目を閉じたまま静かに、けれど力強く言の葉を紡いでいく。
『魂の送り人、冥府への道を示す者よ。
哀れな魂がどうか惑わぬように。
悠久の時を渡り、
瞬き、煌めき、群列を成し
その旅路に終焉へを示せ!
【メロウのトライデント】固有奥義――"凪夜の鎮魂歌"』
詠唱を終えると共に、手に持った槍を天空高くへと投擲する!
輝く流星となった【メノウのトライデント】が夜空に消え去った直後――
空に瞬いていた数えきれない程の星達がその輝きを一層と増し――光の雨となり一斉に大地へと降り注ぐ!!
地に落ちた光の粒は、弾ける礫となって次々と亡者を葬り去っていった。
その威力は絶大。
海辺の亡者を一掃するのに10秒もかからなかった。
――ちなみに後から聞いた話だけれど、この技も普通なら熟練の冒険者が一生かかって習得できるかどうかという秘奥義中の秘奥義らしい。
今更ながら、凄いな――“マクスウェルの釜”
「ふぅ……八つ当たり完了です」
すっきりした顔で満足げに呟くトライデントさん。
八つ当たりの規模が天変地異レベルなんだが……。
ちょっと天然の入ったおっとり系のお姉さんかと思ってたが、あまりこの人を怒らせてはいけないようだ。

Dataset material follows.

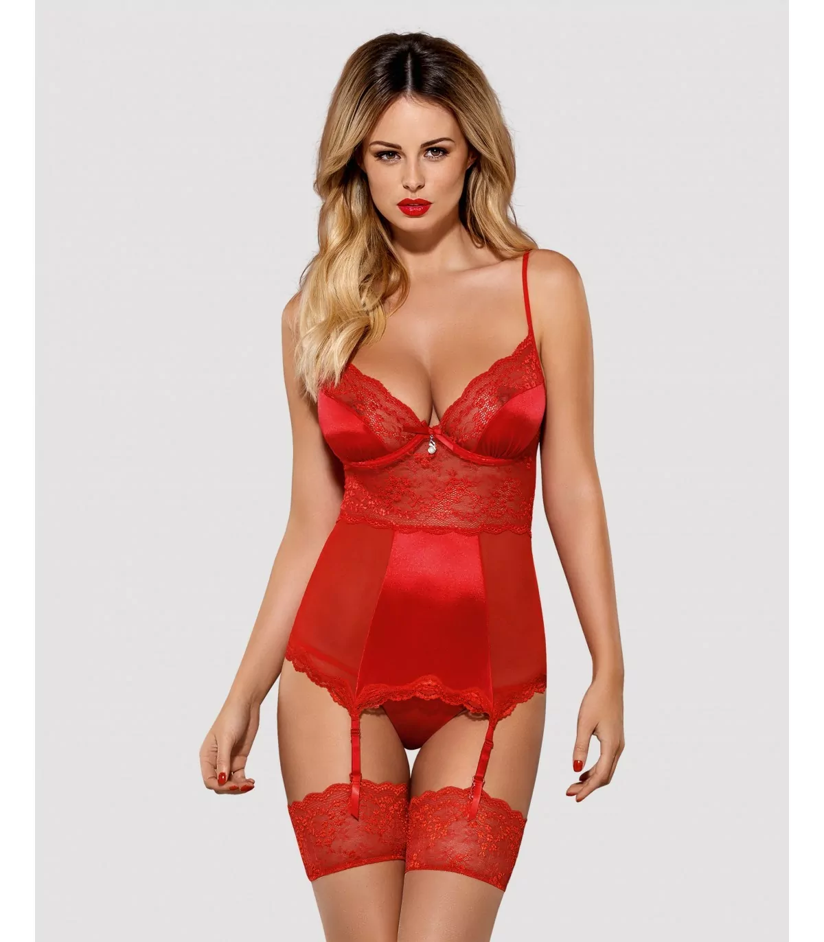 Este corsé rojo cuenta con copas con aros que realzan el busto de forma sutil, tirantes y ligas ajustables para un ajuste perfecto y detalles femeninos como un delicado lazo y una joya de perla entre las copas. La inserción de encaje en la zona de las costillas y la espalda aporta un toque romántico y sofisticado.

「まさか一撃とは、さすがね。これで海の呪いも解けるかしら」
ティンクがパチパチと小さく拍手する。
「いえ――ダメですね。呪いについては依然濃いままです。おそらく“元”を叩いてしまわないとまたすぐに亡者が湧き出てきます」
亡者はあくまでも呪いが生み出す副産物。
やっぱり呪い自体を解除しないと根本解決にはならないのか……。
「あ。それと、気のせいかもしれませんが……ひとつ気づいた事があります」
トライデントさんが口元に人差し指を当てて不思議そうに呟く。
「あの亡者、"私達"とどこか似てるような気がするのですよ」
「"私達"って……アイテムさん達とってこと?」
「はい。何というか上手く言えませんが……自然界に存在するものではなく、何か特別な力によって生み出されたみたいな……」
そこまで言って腕を組み考え込むトライデントさん。
「呪いで生み出されてる化け物なんだからそりゃそうでしょ」
ティンクが訝しげに答える。
「それはそうなんですけど……呪術で呼び出す怨霊とも違うような気がするんですよね。……まぁ、あくまで私の勘なのであまり気にしないでください!」
「ありがとう! 一応気にかけておくよ。とにかく助かったよ!」
「いえ! お気をつけくださいね」
そう言うと淡い光に包まれてトライデントさんが泡となって姿を消す。
陸では駆けつけてきたホテルの従業員たちに連れ添われ、逃げて来た人達が本館へと避難していくのが見えた。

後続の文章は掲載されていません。